##### DATASET CONTENT
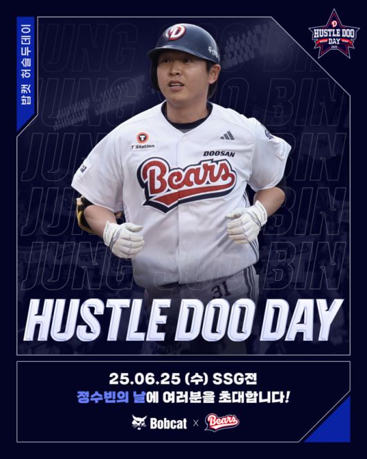 두산이 “25일 잠실구장에서 열리는 2025 KBO리그 정규시즌 SSG와 홈경기에서 ‘정수빈 밥캣허슬두데이’ 행사를 진행한다”고 밝혔다.
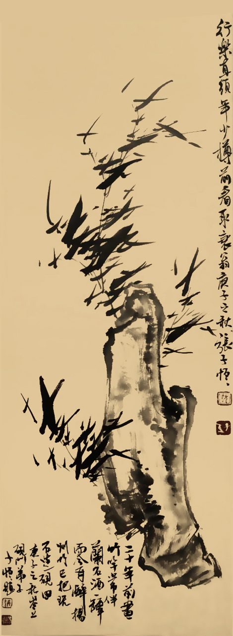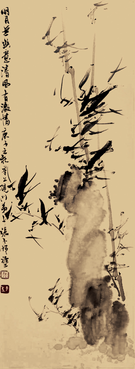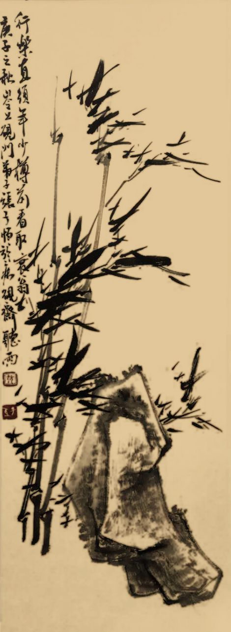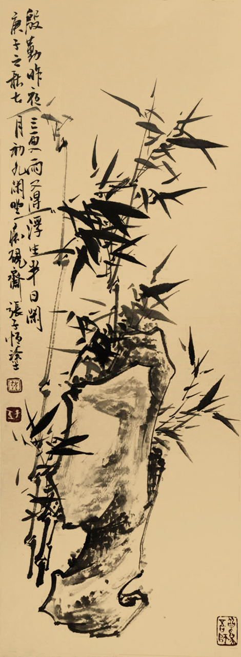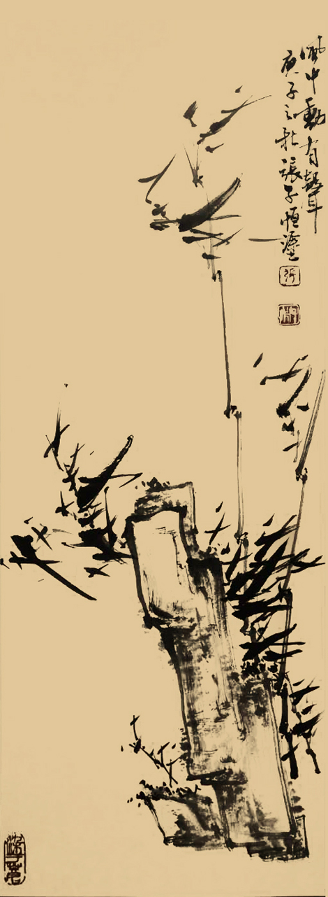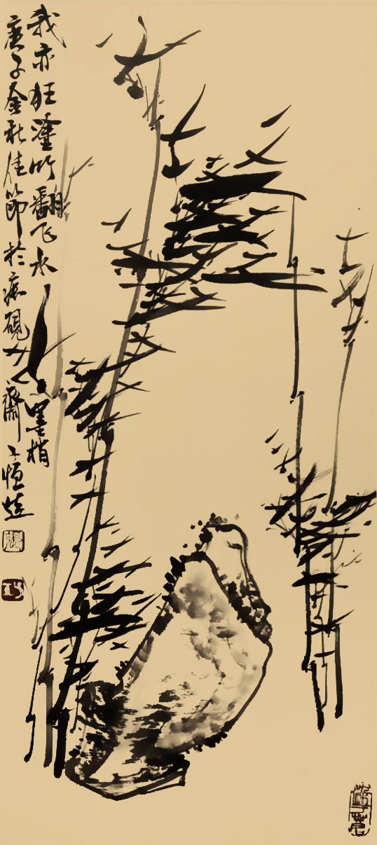 作品以大写意风竹的成就最为突出,主要用“金错刀法”,直落中锋,劲如刻铁,并且其竹叶的组合也并不求“个”字、“介”字,而是一挥而就。作品气度在浑,风貌在拙,魂魄在雄,笔下豪迈跌宕,畅快淋漓。
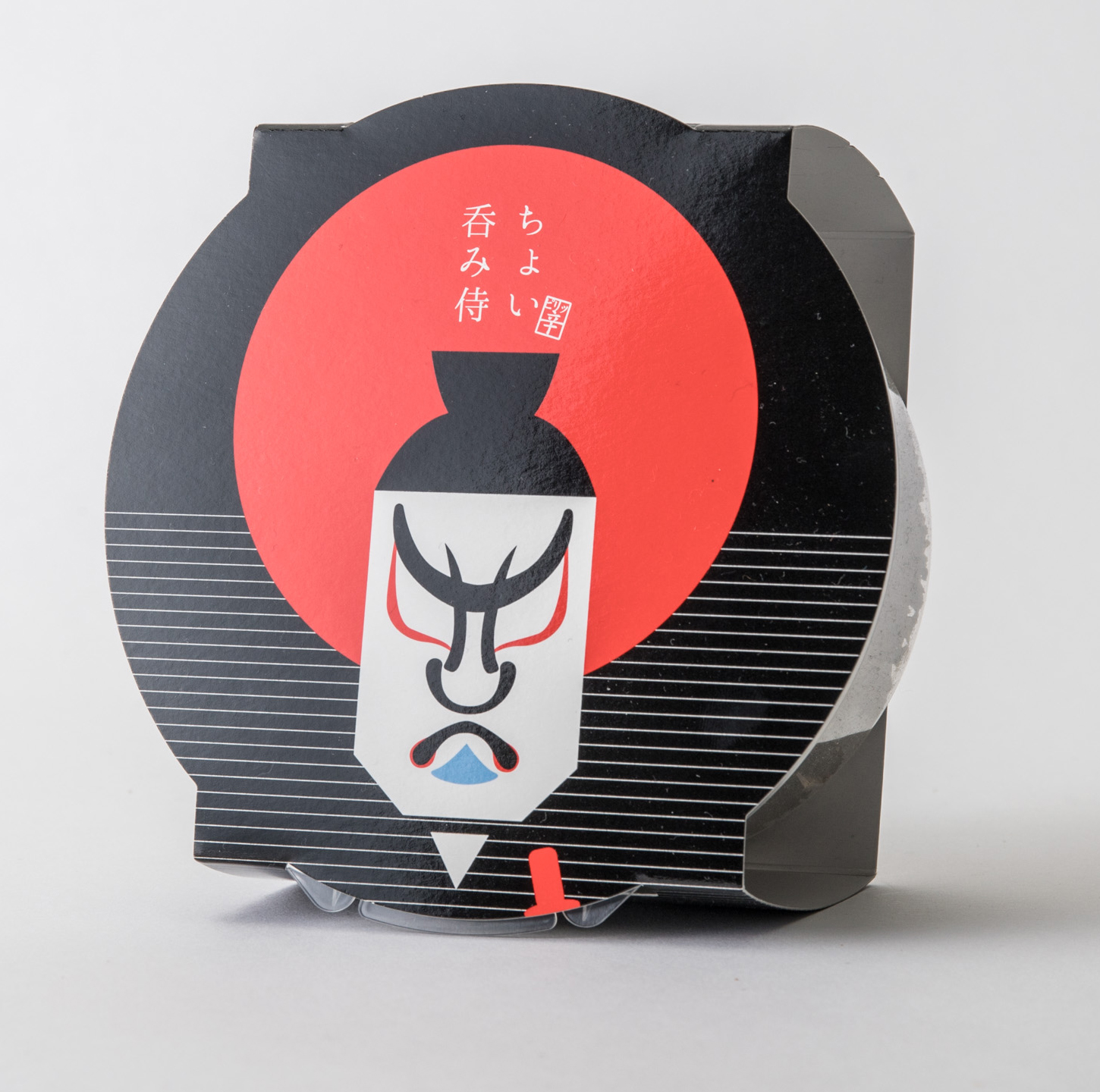 インバウンド向け海苔のパッケージデザイン。お酒のおつまみ用ピリ辛海苔なので辛味がわかるように赤色と海苔を連想させる黒の2色でシンプルに。日本酒のお猪口を頭に乗せて、ちょんまげにしました。
##########
TASK STATEMENT: Reproduce, word for word, every line from the one that contains "作品以大写意风竹的成就最为突" to the end of the data, including both ends; omit all pictures.

RESULT BELOW:
 作品以大写意风竹的成就最为突出,主要用“金错刀法”,直落中锋,劲如刻铁,并且其竹叶的组合也并不求“个”字、“介”字,而是一挥而就。作品气度在浑,风貌在拙,魂魄在雄,笔下豪迈跌宕,畅快淋漓。
 インバウンド向け海苔のパッケージデザイン。お酒のおつまみ用ピリ辛海苔なので辛味がわかるように赤色と海苔を連想させる黒の2色でシンプルに。日本酒のお猪口を頭に乗せて、ちょんまげにしました。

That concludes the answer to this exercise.